«Вы чего так вопите? С вас что, шкуру живьем сдирают? Ваши крики слышны за добрую четверть лье! Что происходит?»
Увидев шутника, юноша спрыгнул прямо на него, схватил за шею и, что было сил ударив лбом о решетку, ответил:
«Смотрите: это просто смешная история, сударь! Это только шутка, мерзкий фигляр!»

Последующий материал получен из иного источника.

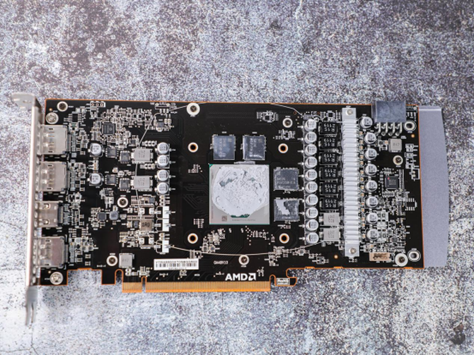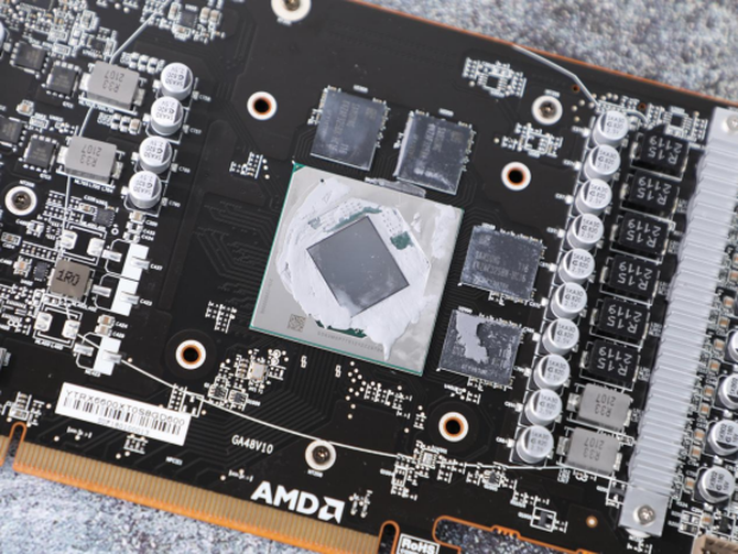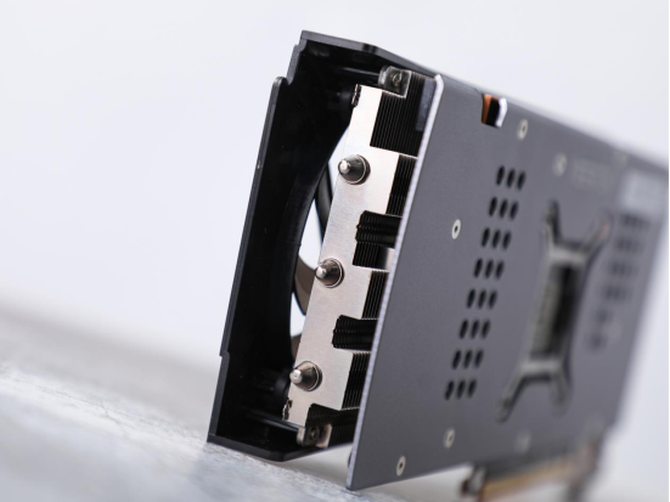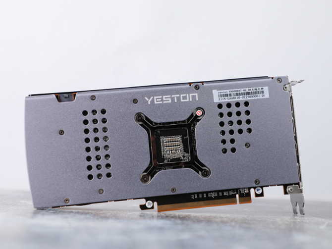 全金属的背板设计,加上两侧的开孔,让显卡正面风扇的风能够轻松穿过显卡,带来更好的散热效果。标志性的显卡核心,让我们一眼就能看出这是一款A卡。

Господин де Б…, пронзенный шпагой, распростерся подле своей жены.
— А что случилось потом? — спросил Луицци.
— Господин де Б… скончался, Эрнест исчез, а госпожа де Б… отравилась на следующий день после братоубийственной дуэли.
Как раз когда Дьявол завершал эту фразу, Гангерне заворочался во сне и пробормотал:
— Веселенькая история!
— Но ведь он законченный мерзавец, — возмутился Луицци. — Не понимаю, как с ним еще разговаривают после этого!
— Ба, дорогуша, а кто знает о его проделке?
— Ну хотя бы тот молодой господин, которому Гангерне сам признался…
— А если, — сухо возразил Дьявол, — если за молодым господином числятся не менее гнусные поступки, чем роковая забава Гангерне? Если он трусливой ложью погубил репутацию одной женщины и вогнал в гроб другую? Если этот самый Гангерне вполне способен при случае добавить к инициалу А… в записке некой госпожи Дилуа несколько букв, которые раскроют всему свету, кто тот беззаботный сплетник, совершивший эти подлые преступления? Так что молодой человек помалкивает и, более того, не брезгует подавать руку законченному мерзавцу, как вы изволили выразиться.
— Как? — изумился Луицци. — Так этот свидетель…
— Да-да, мой дорогой барон, это вы. И вы свято храните секрет Гангерне…
Тут одно обстоятельство потрясло Армана, и, забыв обо всем услышанном, он весело воскликнул:
— А! Ты все-таки рассказываешь о моем прошлом!
— Постольку, поскольку оно пересекается с прошлым других — с превеликим удовольствием.
— Ага! Тогда, — обрадовался барон, так как у него возникла надежда узнать побольше о себе, расспрашивая о других, — скажи-ка мне, кто этот худющий и озабоченный даже во сне человек, который как раз ворочается и бормочет: «Да, жена моя».
— Он из той породы кретинов, что никаким боком тебя не касаются.
— Посмотрим, — настаивал Луицци, не доверяя Дьяволу.
— Ну что ж, как хочешь, но пеняй на себя, если мой рассказ доведет тебя до беды.
— Не бойся, я не выброшусь из дилижанса, как в доме Бюре — из окна.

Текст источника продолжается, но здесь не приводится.